[EXERCISE]
Nothing but the lines from the one including "城区用电:一周一充,通勤成本" through the last line of the entries, restated exactly, should appear in the answer; omit the pictures.

++++++

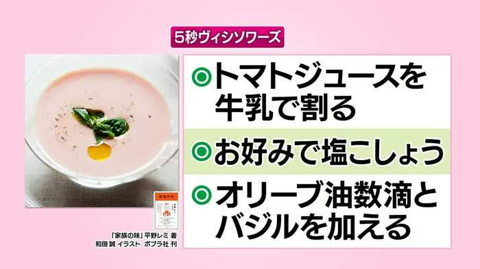 平野さんは、「これが私にとって時短メニューの処女作品」「喉で帳尻が合ってればOK」と語り、もう一品、亡き夫・和田誠さんがトマトジュースに牛乳を混ぜて飲んでいたことから生まれた「5秒ヴィシソワーズ」のレシピも紹介しました。
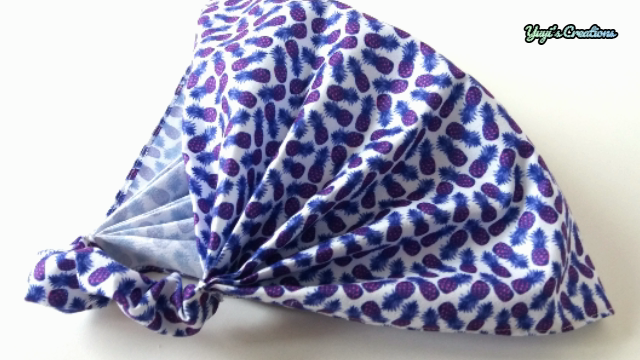 Este tipo de pañoleta te cubre toda la cabeza como puedes ver en la foto de abajo, aunque también la puedes usar recogida como un cintillo o diadema o hacerla más angosta según tu gusto.
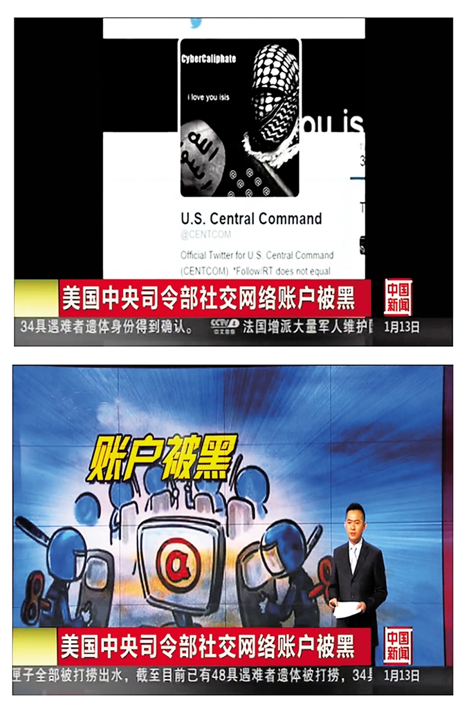 黑客侵入美军中央司令部的“推特”账户后,把账户名称改为“网络哈里发”,发布支持极端组织“伊斯兰国”和威胁美军的微博。
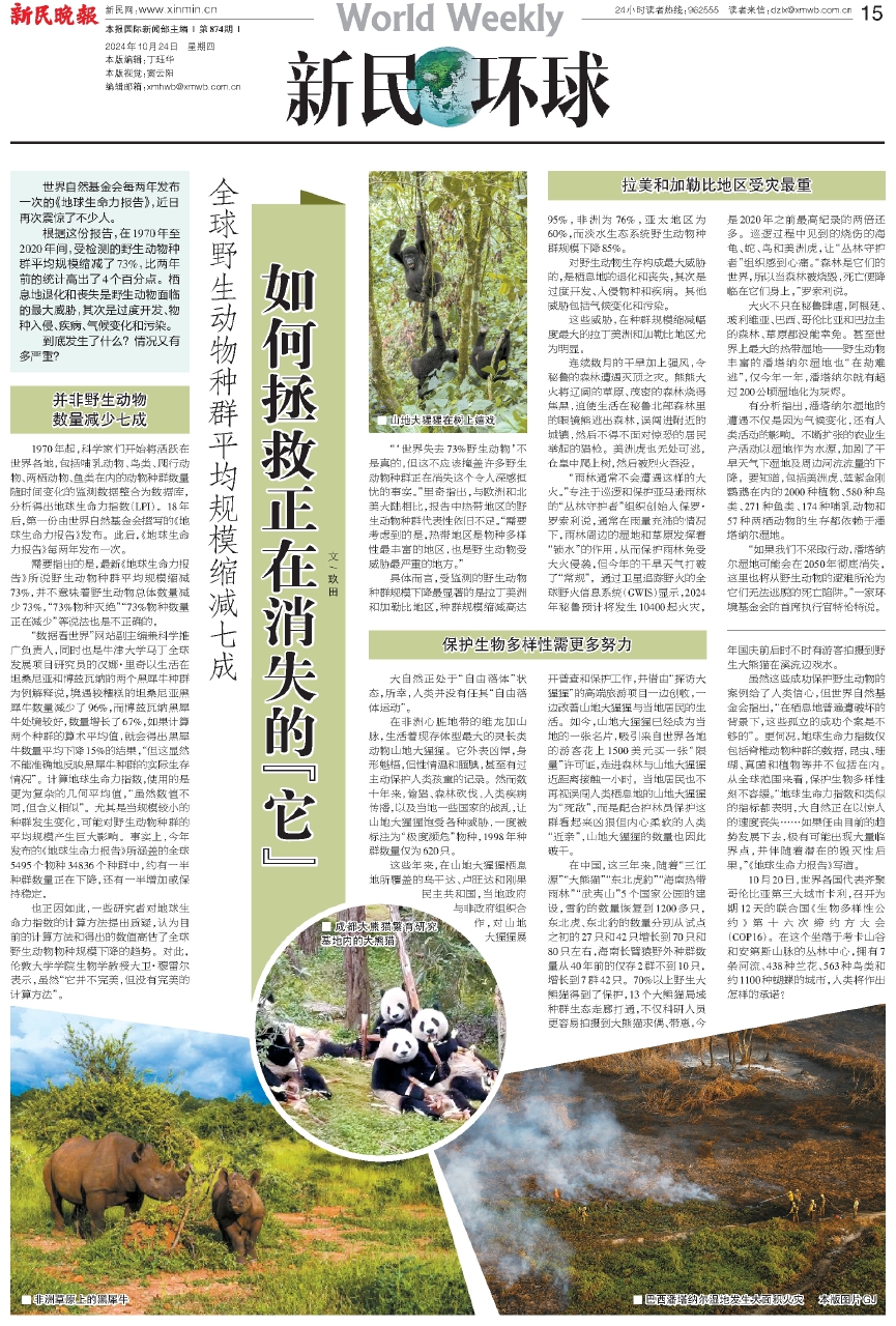 需要指出的是,最新《地球生命力报告》所说野生动物种群平均规模缩减73%,并不意味着野生动物总体数量减少73%,“73%物种灭绝”“73%物种数量正在减少”等说法也是不正确的。
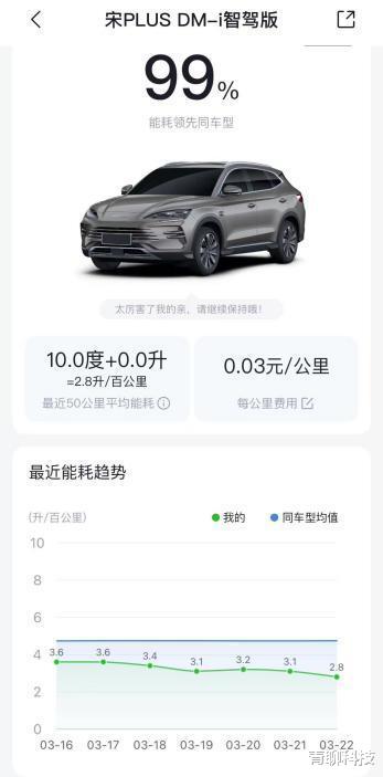 城区用电:一周一充,通勤成本每公里5分钱。对于日常通勤来说,比亚迪大电池DM-i车型给出了“用电自由”的解决方案。2026款秦PLUS DM-i等车型已将CLTC纯电续航提升至210km,直接杀入8万级市场。这意味着,以日均通勤30公里计算,一次充电足以覆盖一整周的出行需求。对于有有家充桩的用户,每度电费仅0.5元,年能耗成本不足4000元。而同级别燃油车油耗普遍在7.5L/100KM,在8.53元油价下,一年20000km油费接近1.3万元。仅此一项,插混车主一年就能省下近万元。
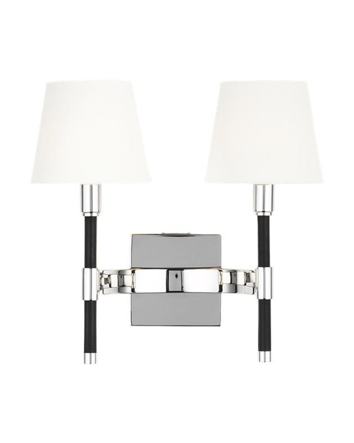With a modern feel, the Danica Double Wall Sconce puts mixed materials on display with its sophisticated form. Featuring a base finished in either a time worn brass or polished nickel, leather details on the arms in either a rich cognac or solid black complement the simple frame, adding a refined aesthetic to your home design.
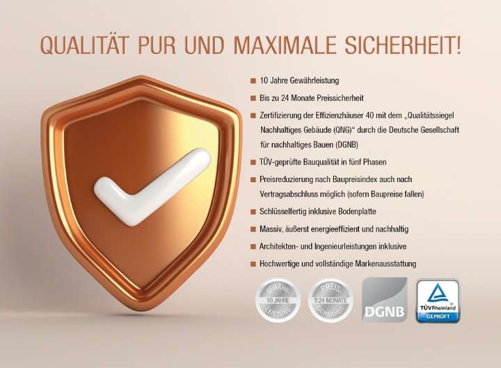 Kern-Haus baut individuelle und massive Architektenhäuser zu einem attraktiven Preis-Leistungs-Verhältnis – und das bereits mit einer Erfahrung seit 1980. Bei Kern-Haus erhalten Sie unter anderem 10 Jahre Gewährleistung auf die wesentlichen Bauleistungen, bis zu 24 Monate Preissicherheit sowie eine dokumentierte 5-Phasen-TÜV-Prüfung während der Bauphase. Jedes Kern-Haus als Effizienzhaus 40 ist bereits QNG-zertifiziert durch die Deutsche Gesellschaft für nachhaltiges Bauen (DGNB).

++++++

[PROBLEM SOLUTION]
 城区用电:一周一充,通勤成本每公里5分钱。对于日常通勤来说,比亚迪大电池DM-i车型给出了“用电自由”的解决方案。2026款秦PLUS DM-i等车型已将CLTC纯电续航提升至210km,直接杀入8万级市场。这意味着,以日均通勤30公里计算,一次充电足以覆盖一整周的出行需求。对于有有家充桩的用户,每度电费仅0.5元,年能耗成本不足4000元。而同级别燃油车油耗普遍在7.5L/100KM,在8.53元油价下,一年20000km油费接近1.3万元。仅此一项,插混车主一年就能省下近万元。
With a modern feel, the Danica Double Wall Sconce puts mixed materials on display with its sophisticated form. Featuring a base finished in either a time worn brass or polished nickel, leather details on the arms in either a rich cognac or solid black complement the simple frame, adding a refined aesthetic to your home design.
 Kern-Haus baut individuelle und massive Architektenhäuser zu einem attraktiven Preis-Leistungs-Verhältnis – und das bereits mit einer Erfahrung seit 1980. Bei Kern-Haus erhalten Sie unter anderem 10 Jahre Gewährleistung auf die wesentlichen Bauleistungen, bis zu 24 Monate Preissicherheit sowie eine dokumentierte 5-Phasen-TÜV-Prüfung während der Bauphase. Jedes Kern-Haus als Effizienzhaus 40 ist bereits QNG-zertifiziert durch die Deutsche Gesellschaft für nachhaltiges Bauen (DGNB).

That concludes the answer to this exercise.